In 2024, the OSPO will work to increase awareness of consulting services through targeted presentations and communications at the academic division and department level and expanding the OSPO website to include case studies and best practices. OSPO staff will include questions about consulting in their bigger picture needs analysis, potentially leading to the expansion of offerings around new topics such as code quality or licensing.

PASS

The Digital Research and Curation Center (DRCC) and OSPO continued to support the ongoing open source development of the Public Access Submission System (PASS) software in 2023, with all core functionality from the first version of the software ported over to the new, more robust application framework. To boost community involvement in PASS, in the fall of 2023 the DRCC  brought together a pilot group of institutions and service providers interested in implementing or supporting future versions of the application. The pilot group provided valuable use cases, described key hurdles to implementation, and built the groundwork for a stronger engagement model. The OSPO will continue to support the DRCC in developing strategies for engaging the PASS stakeholder community in 2024.

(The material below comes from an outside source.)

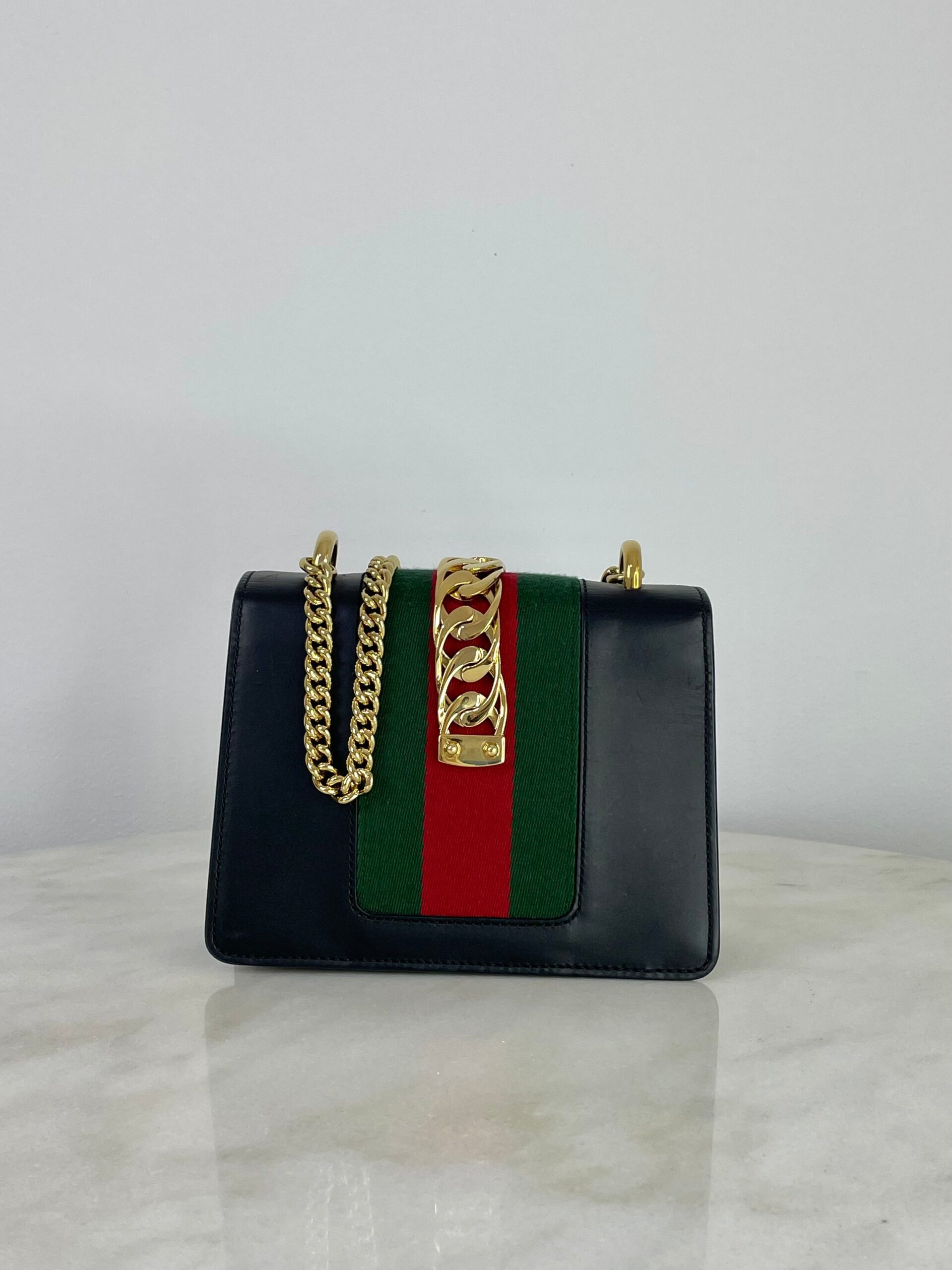 Gucci Black Web Ophidia Sylvie Mini Bag W/ Chain

Academic Open Source Community

The OSPO is actively engaged in cross-institutional, collaborative efforts to build a thriving community of practice around academic open-source software. These efforts include participating in the Community Health Analytics in Open Source Software (CHAOSS) Academic Working Group, which is focused on metrics, Open Source is Tech Transfer, a collaboration among OSPOs and tech transfer offices, and Community for University and Research Institution OSPOs (CURIOSS), a Sloan Foundation-funded group focused on university-based OSPOs – now a cohort of 12 at US universities. Through these initiatives, the OSPO hopes to help foster a sense of community across institutions, participate in the creation of shared resources around open source development, and contribute to the sustainable growth of open source within academia.

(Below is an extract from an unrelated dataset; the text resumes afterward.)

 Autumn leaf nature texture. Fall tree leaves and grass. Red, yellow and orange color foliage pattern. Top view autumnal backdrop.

Bill Branan, Senior Manager of the DRCC, and Program Manager Megan Forbes represented the OSPO at several events in 2024. Bill spoke at the Coalition for Networked Information’s (CNI) spring member meeting on the topic of “Early Lessons Learned from University Open Source Programs Offices.” The full video for the panel is available on the CNI website. Bill also represented Johns Hopkins at the United Nations-hosted event “OSPOs for Good – Building and Designing Cooperative Digital Infrastructure.” The final report for the event can be found at this link. In October, Megan participated in the University of Vermont’s Interdisciplinary Open Practices Workshop. This event is part of an NSF-funded project to establish the state of knowledge on open work across different fields and build interdisciplinary collaborations to explore unanswered questions. A final report for the workshop is forthcoming from the organizers.